## SUPPLIED INFORMATION:

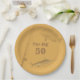 Masculine birthday party plates for the deep sea / saltwater fisherman turning 50, or any age - all text is easy to change. Customize the text in the centre of pale orange paper plates which are decorated with fish and a fishing pole / rod and reel.
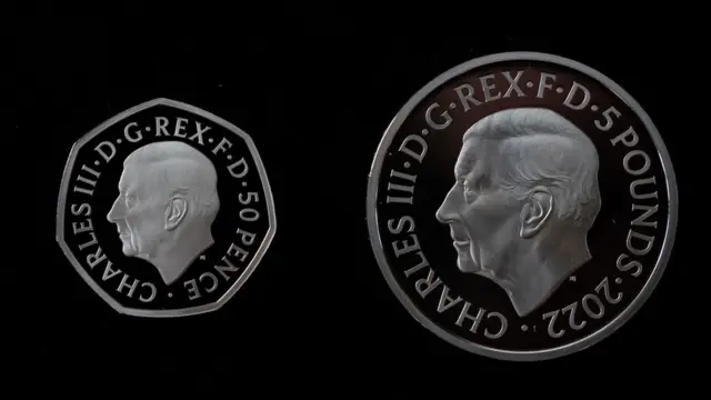 BBC News dey among di first to see of di 50p and a commemorative £5 Crown wey get one image of di King by British sculptor, Martin Jennings.
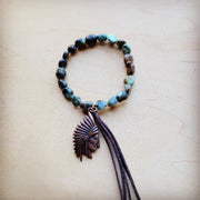 **Natural Turquoise Stretch Bracelet w/ Indian Charm 809u
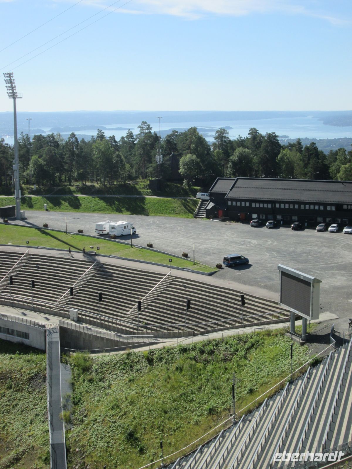 Vom Norefjell ging unsere Fahrt direkt nach Oslo. Was wir aufgrund von Zeitmangel am 2.Reisetag nicht geschafft haben, wurde als zusätzlicher Abstecher gern angeboten. Das Holmenkollen-Areal stand auf dem Programm. Nicht nur das man einen schönen Fernblick über den Oslofjord und einen Teil der Stadt genießen kann, auch die Schanzenanlage ist imposant. Sie war die 1.Schanze weltweit, welche mit einem permanenten Windschutz versehen wurde. An der Schanze lädt zudem das älteste Skimuseum der Welt zu einem Besuch ein.

## WHAT YOU ARE ASKED TO DO:
For this exercise, output only the lines from the one bearing "Indian Charm 809u" to the end of the material above, exactly as written, with pictures left out.

## COMPLETED TASK:
 **Natural Turquoise Stretch Bracelet w/ Indian Charm 809u
 Vom Norefjell ging unsere Fahrt direkt nach Oslo. Was wir aufgrund von Zeitmangel am 2.Reisetag nicht geschafft haben, wurde als zusätzlicher Abstecher gern angeboten. Das Holmenkollen-Areal stand auf dem Programm. Nicht nur das man einen schönen Fernblick über den Oslofjord und einen Teil der Stadt genießen kann, auch die Schanzenanlage ist imposant. Sie war die 1.Schanze weltweit, welche mit einem permanenten Windschutz versehen wurde. An der Schanze lädt zudem das älteste Skimuseum der Welt zu einem Besuch ein.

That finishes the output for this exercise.